Extending Preservation and Assessment Time of Donor Lungs Using the Toronto EVLP System™ at a Dedicated EVLP Facility

Lung Disease Clinical Trial

Official title:

A Phase 2, Multicenter, Open-label Study to Measure the Safety of Extending Preservation and Assessment Time of Donor Lungs Using Normothermic Ex Vivo Lung Perfusion and Ventilation (EVLP) as Administered by the SPONSOR Using the Toronto EVLP System™

Clinical Trial Details — Status: Completed

Administrative data

• NCT number: NCT02234128
• Other study ID #: PXUS-14-001
• Secondary ID: 4766
• Status: Completed
• Phase: N/A
• Start date: July 18, 2015
• Est. completion date: November 7, 2019

Study information

• Verified date: November 2020
• Source: Lung Bioengineering Inc.
• Contact: n/a
• Is FDA regulated: No
• Study type: Interventional

Clinical Trial Summary

This is a safety study to compare the safety of receiving a lung treated with the Toronto EVLP System™ by SPONSOR in SPONSOR's dedicated facility against standard lung transplantation.

Description:

Human donor lungs allocated to a participating study transplant center (Study Center) for a specific recipient and meeting study EVLP donor lung inclusion/exclusion criteria will be assessed by SPONSOR for inclusion into the study.
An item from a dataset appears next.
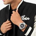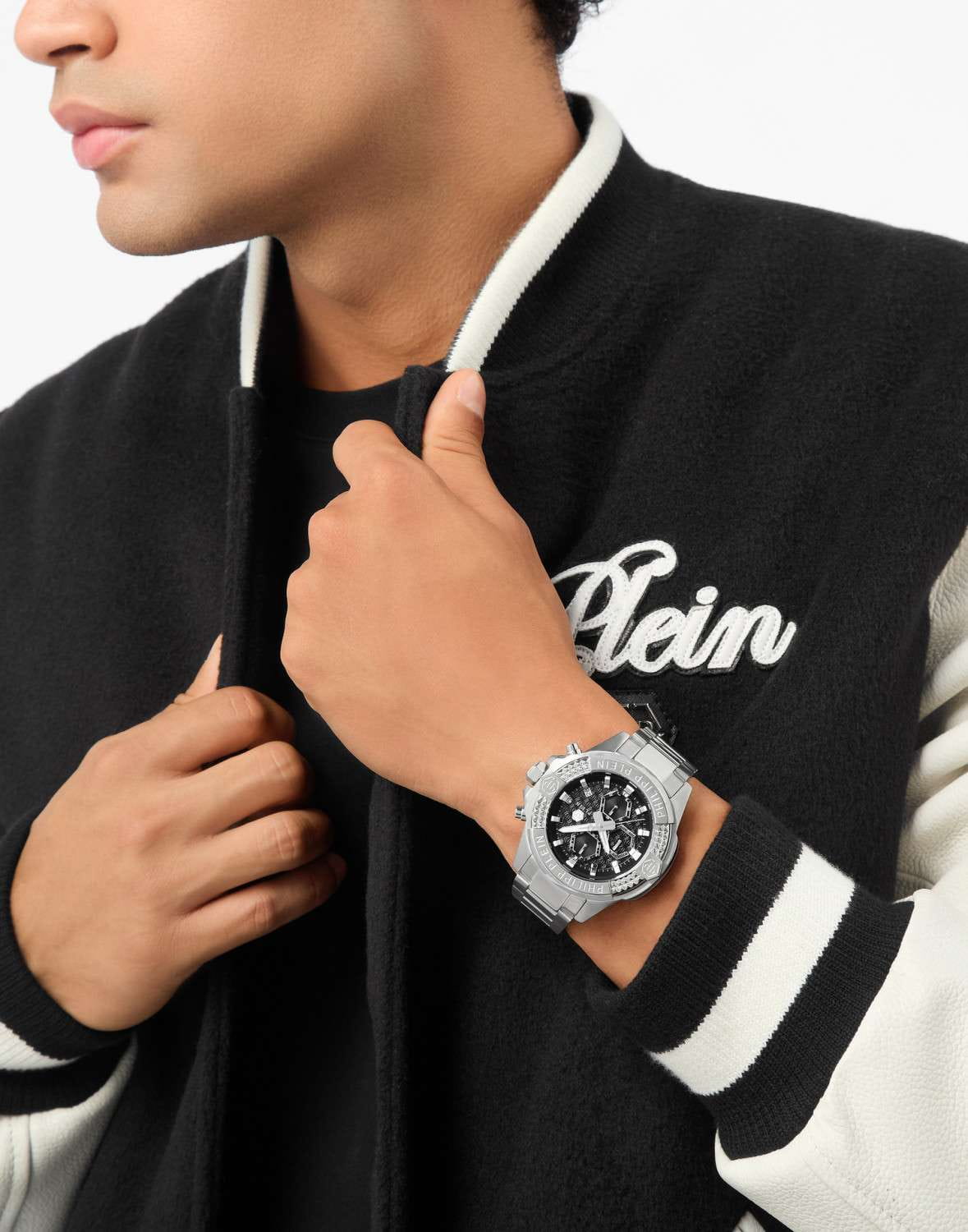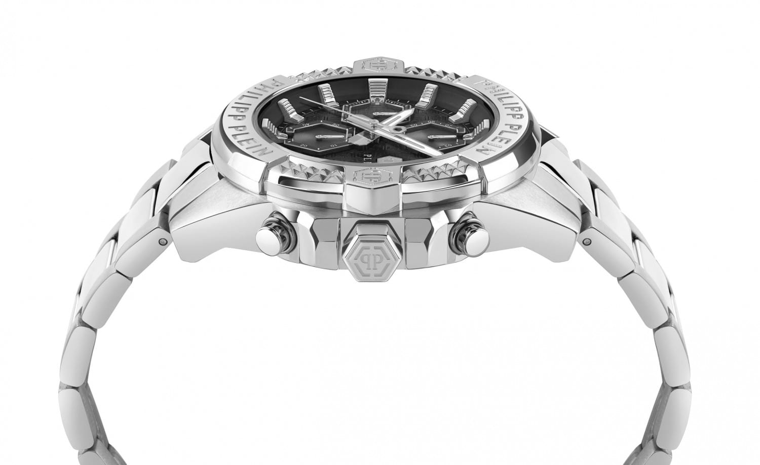 Philipp Plein The $kull Chrono PWWFA0425 - яркие часы-хронографХронографФункция позволяет измерять отрезки времени с особой точностью: часы, минуты, секунды. Верным признаком хронографа является наличие на циферблате 3 дополнительных окошек-счётчиков. в революционном дизайне несомненно добавят вам выразительности и станут главным акцентом вашего стильного образа. Мужские кварцевые часы с высокой точностью. Круглый стальной корпус серебристого цвета, диаметром 44 мм. Метки в виде штрихов. Минеральное стеклоМинеральное стеклоМинеральное стекло представляет собой искусственно выращенный минерал кварца. Такое стекло отличается особой устойчивостью к повреждениям и царапинам. Уступает по некоторым качествам сапфировому стеклу. защищает циферблат от царапин. Люминесцентное покрытиеЛюминесцентное покрытиеПозволяет считывать показания времени в темноте. Производители наносят на стрелки, часовые индексы, безель или поверхность циферблата светонакопительный состав, дающий холодное свечение. стрелок и меток позволит следить за временем даже в полной темноте. Окошко даты находится в положении 4 часа. Стальной браслет на застёжке-бабочке с кнопкамиЗастёжка "бабочка"Такой вид застёжки дополняется предохранителями, помогающими избежать случайного раскрытия браслета. Обладают изящным исполнением. , обеспечивает комфортное ношение. Граненая заводная головка. Влагозащита: 50 метров, позволит защитить корпус от случайных брызг или капель дождя. Идеальный аксессуар для тех, кто ценит индивидуальность и не боится выделяться из толпы.

Upon retrieval, donor lung(s) will be packaged and transported on ice to the SPONSOR's EVLP facility in Silver Spring, Maryland, no differently than when lungs are recovered, packaged, and transported to any transplant center for implantation.

The EVLP procedure will be performed by Certified Ex Vivo Lung Specialists using the Toronto EVLP System™ for up to 6 hours, collecting and relaying lung function assessment data hourly or as requested by the Study Center transplant surgeon. Additionally, the Study Center surgeon will have the capability to evaluate lung function data and monitor the procedure remotely through a dedicated video link.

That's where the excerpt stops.